Wouldn't mind the ZR2 version of the new one for sure. Out of all the daily's my ZR2 was definitely something I liked having a fair bit.

----------


## jutes

> ahem



Truck is a very generous term for the Odyssey Ute.

----------


## Buster

> Truck is a very generous term for the Odyssey Ute.



Truck is also a very generous term for what most poseurs need them for

----------


## jutes

Better to have, and not need, than to need, and not have.

----------


## Buster

> Better to have, and not need, than to need, and not have.



Not with vehicles

----------


## ExtraSlow

The big truck vs small truck argument is so tired. You don't save much money or fuel going smaller, so just buy whatever you want.

----------


## Buster

> The big truck vs small truck argument is so tired. You don't save much money or fuel going smaller, so just buy whatever you want.



How's your f-350?

----------


## killramos

I think people in general should buy what they want.

----------


## ExtraSlow

I have had heavy duty trucks, and half tons. I'm in a half ton now. Considering going smaller. Just always annoyed when these discussions end up with judgemental bullshit.

----------


## ercchry

Half tons are massive now, also most mid sized truck ride better than their brand equivalent half tons on rough roads (unloaded). Probably also a 20-30% savings in fuel… unless it’s a ram rebel, then we’re talking half or even better economy, especially in the city. God damn are those bad on gas

----------


## ExtraSlow

I haven't looked for a few years, but what mid size are using 30% less than 9.5L/100 these days? If that's real then I've missed something important.

----------


## Tik-Tok

> I haven't looked for a few years, but what mid size are using 30% less than 9.5L/100 these days? If that's real then I've missed something important.

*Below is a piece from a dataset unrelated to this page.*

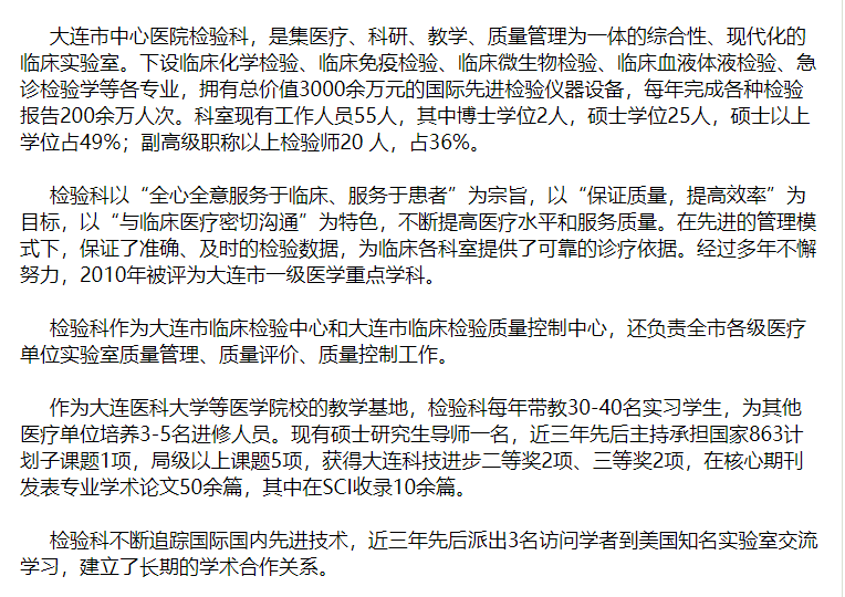 摘要: 大连市中心医院检验科,是集医疗、科研、教学、质量管理为一体的综合性、现代化的临床实验室。下设临床化学检验、临床免疫检验、临床微生物检验、临床血液体液检验、急诊检验学等专业。
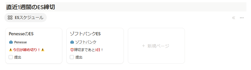 Notionなら、どの企業のESが未提出か、締切はいつか、すぐに把握できます。

Real world city driving, the Maverick.
 
@spikerS
 what do you get pure city driving in your hybrid F-150?

----------


## Darkane

> Real world city driving, the Maverick.
> 
> 
> @spikerS
>  what do you get pure city driving in your hybrid F-150?



This is cherry picked. 

Mavrick is hybrid fwd. 

The 2L awd Maverick isn’t 30% better, but honestly I’d have to check.

----------


## Tik-Tok

> This is cherry picked. 
> .



How is answering the question cherry picking? He literally asked which mid-sized does it. I'm also comparing real world hybrid midsized to real world hybrid full sized numbers.

----------


## ExtraSlow

It perfectly answered my question. No complaint here

----------


## littledan

My f150 is doing around 12.8l/100km I think. 2.7 ecoboost

----------


## Darkane

> How is answering the question cherry picking? He literally asked which mid-sized does it. I'm also comparing real world hybrid midsized to real world hybrid full sized numbers.



My initial thought was the maverick isn’t midsize. It’s a compact pickup based on an escape. 

Am I wrong here?

----------


## ExtraSlow

Maybe? It's small, but maybe the rigid classifications aren't that useful anyway. Maverick is smaller than a Ridgeline and Colorado anyway.

----------


## killramos

I took a ride out to the lake with a guy with a Maverick.

It’s definitely not anything like a truck. And it’s also quite great.

Assume a ridgeline is something similar.

----------


## JRSC00LUDE

My Tacoma is not better on fuel than any full size truck and arguably worse than some.

I just like a smaller truck , other than interior cab space I've never had a need for bigger.

----------


## killramos

Basically the bread and butter of the Japanese brands is riding on the coattails of 20 year old drivetrains never changing anything and continuing to charge premium prices for the privilege.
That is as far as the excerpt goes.